I’ve had this argument before with other IT professionals and it’s nice to have some empirical evidence to back up my contention… that when it comes to organizational IT…
Both are required reading, but the conclusion:
Collectively, our “Verizon Business 2008 Data Breach Investigations Report”, along with our earlier studies, suggests that getting the right mix of countermeasures in an enterprise is far from simple. Rather than “do more,” all three studies seem to suggest that we should “work smarter.” The Sasser study shows that in some cases working harder seems to not only consume significant resources, but is also sometimes counterproductive. Unfortunately, precious few of us have the data or risk models available to show us exactly how to focus our limited time and resources.
A control like patching, which has very simple and predictable behavior when used on individual computers, (i.e., home computers) seems to have more complex control effectiveness behavior when used in a community of computers (as in our enterprises).
Communities behave differently than individuals.

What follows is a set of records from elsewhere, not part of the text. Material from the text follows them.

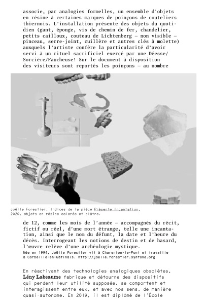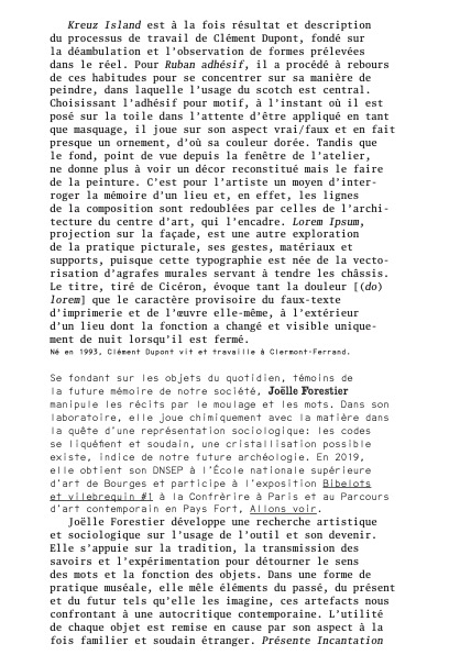 Extrait du flyer d’Exposition Éclats #1 : Constellation provisoire, du 20.02.2020 au 26.04.2020, commissariat : Aurélie Barnier à l’Usine du May, dans le cadre du Creux de l’Enfer, Thiers.
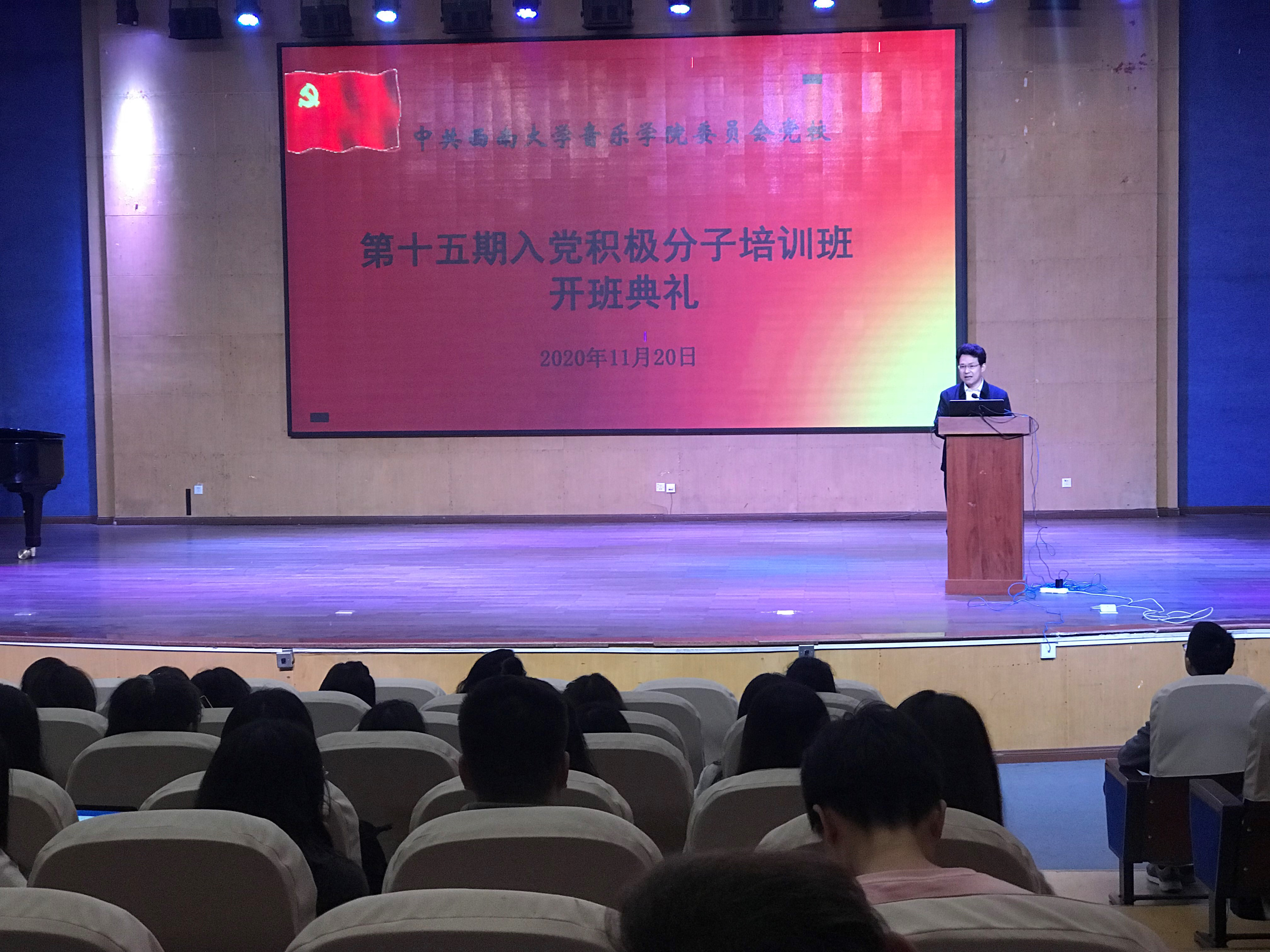 11月20日下午2:30, 中共西南大学365英国上市集团委员会第十五期党校入党积极分子培训班开班典礼在365英国上市集团小演奏厅举行。365英国上市集团党委书记罗义文、副书记陈铮、组织员胡菡子、团委书记杜和军及全体学员参加,典礼由陈铮副书记主持。
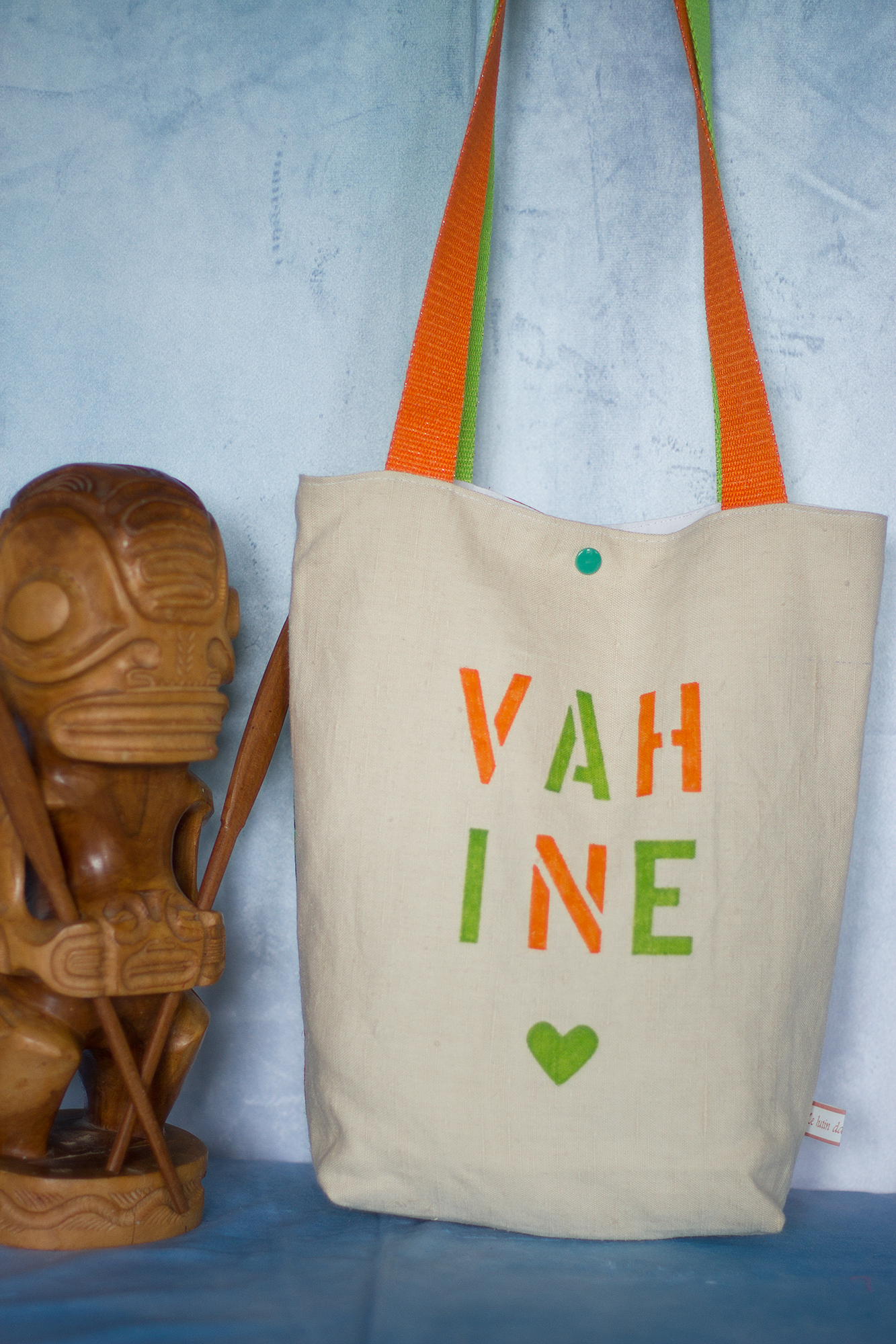 Le dos du sac est peinte au pochoir du mot « vahine » qui signifie « femme».
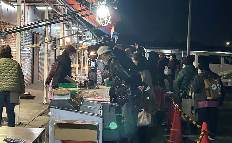 補足が入りますこの文章は例年、ズワイガニやタラバガニなどの魚介類のほか、地元の生産者が栽培したダイコンやハクサイなどの取れたて野菜が所狭しと並びます。
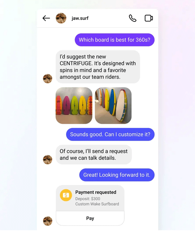 Instagram ha introdotto la possibilità di effettuare acquisti da piccole imprese direttamente nelle chat. Ora, nelle chat su Instagram con piccole imprese qualificate, è possibile porre domande, effettuare un acquisto e tracciare un ordine. Nello stesso thread, le aziende possono confermare gli acquisti, creare richieste di pagamento e riscuotere il pagamento.
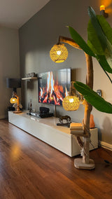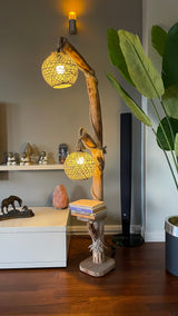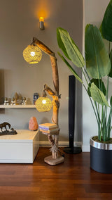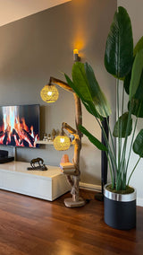 This floor lamp not only lights up your room but adds a contemporary flair with its unique double-pine design, creating a captivating ambiance.
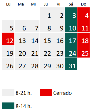 El horario en octubre es de lunes a viernes de 8 a 21 h y sábado de 8 a 14 h, excepto el siguiente día:
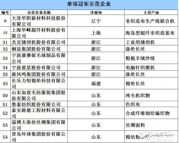 近日,工业和信息化部发布《第二批全国制造业单项冠军企业和单项冠军产品名单公示》。纺织行业有16家企业上榜,14家入选单项冠军企业,2家企业产品入选单项冠军产品。

This reminds me of the differences between individual medicine and community health. After all, you can effectively treat an individual with cholera with a mixture of salt and sugar water, but putting salt and sugar in the drinking water does nothing to reduce cholera in the community.
Every time to deploy a patch, you’re changing software. Usually, the patch works as intended… however, sometimes it introduces a new security vulnerability (this is what happened with the Debian SSL patch), sometimes it has some unintended consequence in service availability (you just broke something your enterprise relies upon… whoops!), and sometimes the patch doesn’t matter in the slightest.
Developing change management controls over your patch management is a necessary step in managing your systems and services. Patching your systems is indeed something that you need to do, but having decent security controls in place is going to be a better use of your time.
On clients, system-wide automatic updates are fine. On servers… it’s something else altogether.